Quando con la pratica agricola (che prevede la monocoltura e il diserbo, determinanti nella riduzione delle specie vegetali presenti, o con i concimi chimici che uccidono la vita microbica del terreno coltivato, o ancora con gli insetticidi che sopprimono gran parte delle forme animali) si impedisce il ciclo naturale della vita, è logico aspettarsi un’alterazione profonda dei meccanismi biologici, e un conseguente squilibrio generale dell’habitat nel quale l’uomo non può vivere serenamente.

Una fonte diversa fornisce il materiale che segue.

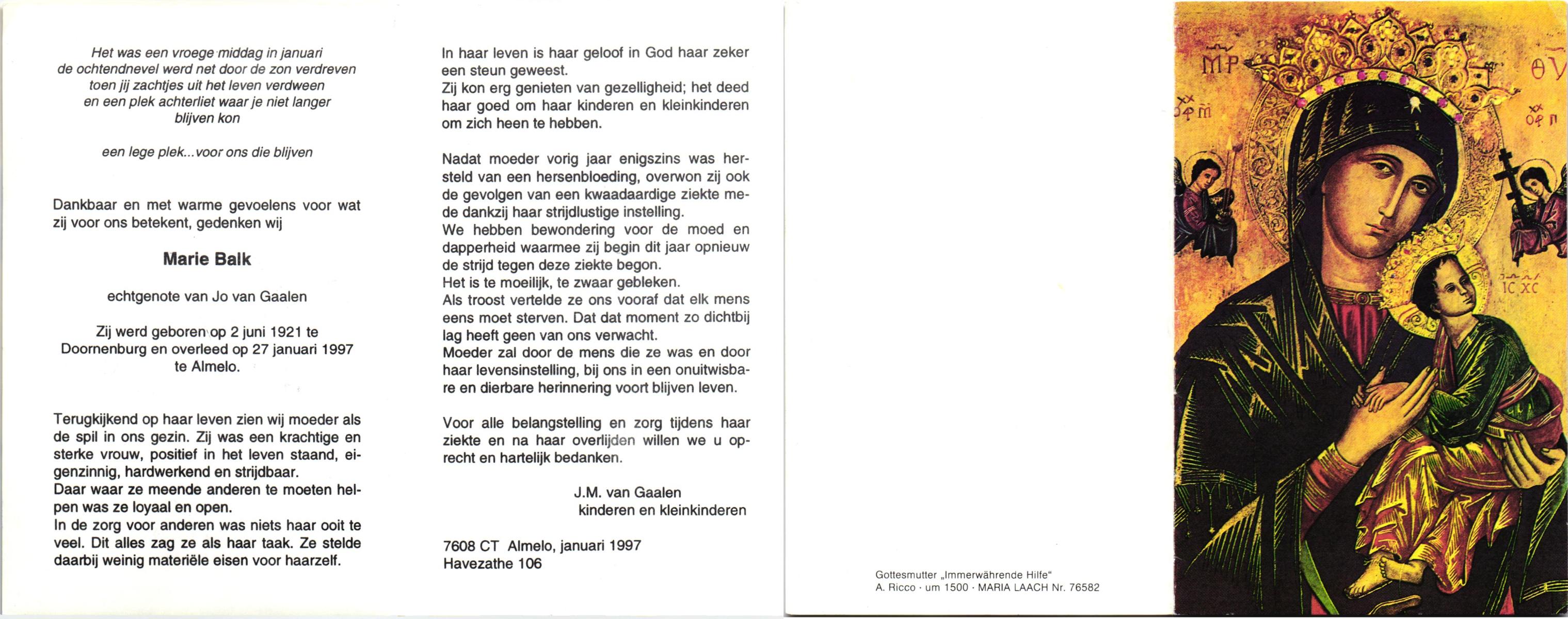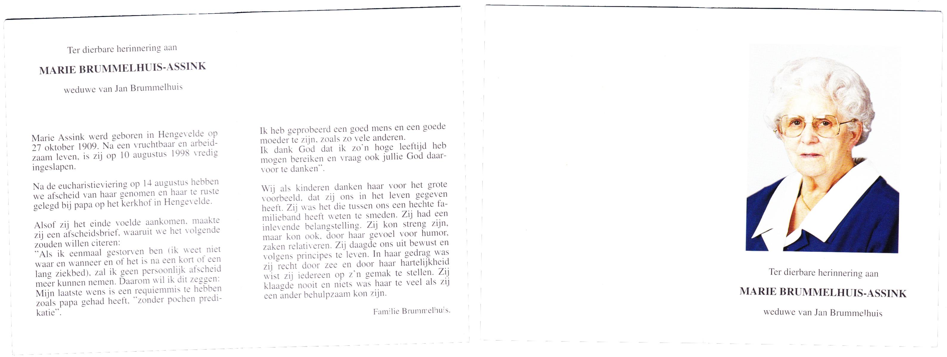 ASSINK, Marie, geboren op 27-10-1909 te Hengevelde, overleden op 10-8-1998 op 88-jarige leeftijd, begraven op 14-8-1998 te Hengevelde.

L’avvento e l’introduzione in agricoltura delle piante geneticamente modificate, non costituirà alcun problema dal punto di vista tossicologico per l’uomo e l’ambiente, ma avrà come conseguenza un’ulteriore e irreversibile riduzione del germoplasma vegetale, e una semplificazione più estrema dell’ecosistema, che sarà ancora più lontano dall’equilibrio.
Al contrario, la reintroduzione delle rotazioni colturali, l’utilizzo di concimazioni organiche e microbiche, la lotta alle fitopatologie mediante l’utilizzo di insetti utili, barriere meccaniche naturali, estratti vegetali repellenti e induttori di resistenza, l’allelopatia, feromoni sessuali, stimolazione “dell’allarme verde” sono i migliori compromessi che l’uomo può attuare per salvaguardare il patrimonio ambientale e agricolo.